By Ambar Warrick
Investing.com -- Oil prices fell slightly in early Asian trade on Tuesday after rallying in the prior session, as markets weighed the prospect of tighter near-term supply against growing political disruptions in parts of Europe.
Crude markets shot up on Monday after reports said that about 450,000 barrels per day, or 0.5% of global oil supply from Kurdistan was stopped after an arbitration case confirmed that Iraq’s consent was needed to ship the oil from Turkey. The move pointed to some disruptions in oil supplies over the near-term.
But on the other hand, major transport strikes in Germany and France pointed presented near-term headwinds to oil demand. This trend cut short an oil rally this week, and is likely to act as a weight on markets in the near-term.
Germany in particular saw public transport grind to a halt as increasing inflation saw calls for greater wages, in turn sparking walkouts by transport unions.
Brent oil futures fell 0.4% to $77.47 a barrel, while West Texas Intermediate crude futures fell 0.1% to $72.75 a barrel by 22:43 ET (02:43 GMT). Both contracts rallied between 4% and 5% on Monday.

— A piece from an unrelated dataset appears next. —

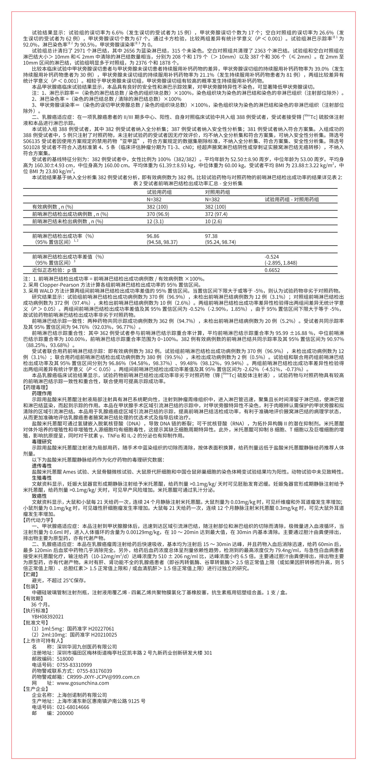 用于甲狀腺手術(shù)區(qū)域引流淋巴結(jié)的示蹤;用于乳腺癌前哨淋巴結(jié)的示蹤。

Easing concerns of a banking crisis, following a government-brokered takeover of Silicon Valley Bank by peer First Citizens BancShares (NASDAQ:FCNCA) helped improve sentiment, as did a slew of assurances from regulators that the banking sector was stable.
A lack of bad news on U.S. banks over the past week helped bring concerns over a banking crisis to rest.
Weakness in the dollar also benefited oil prices this week, as weakening safe haven demand and expectations of a less-hawkish Federal Reserve dented the greenback. A weaker dollar supports crude demand by making oil cheaper for international buyers.
Still, oil prices were down nearly 10% so far this year, having sunk to 15-month lows earlier in March as markets feared that slowing economic growth will dent crude demand this year.
While a recovery in China is expected to push up crude consumption, initial economic readings from the country have painted a weak picture of crude demand. The country’s oil imports sank in the first two months of the year.
Crude markets are awaiting key Chinese business activity data due on Friday for more economic cues on the world’s largest oil importer. The country saw a sharp rebound in activity after the lifting of anti-COVID restrictions earlier this year.
But this has yet to translate into higher crude demand.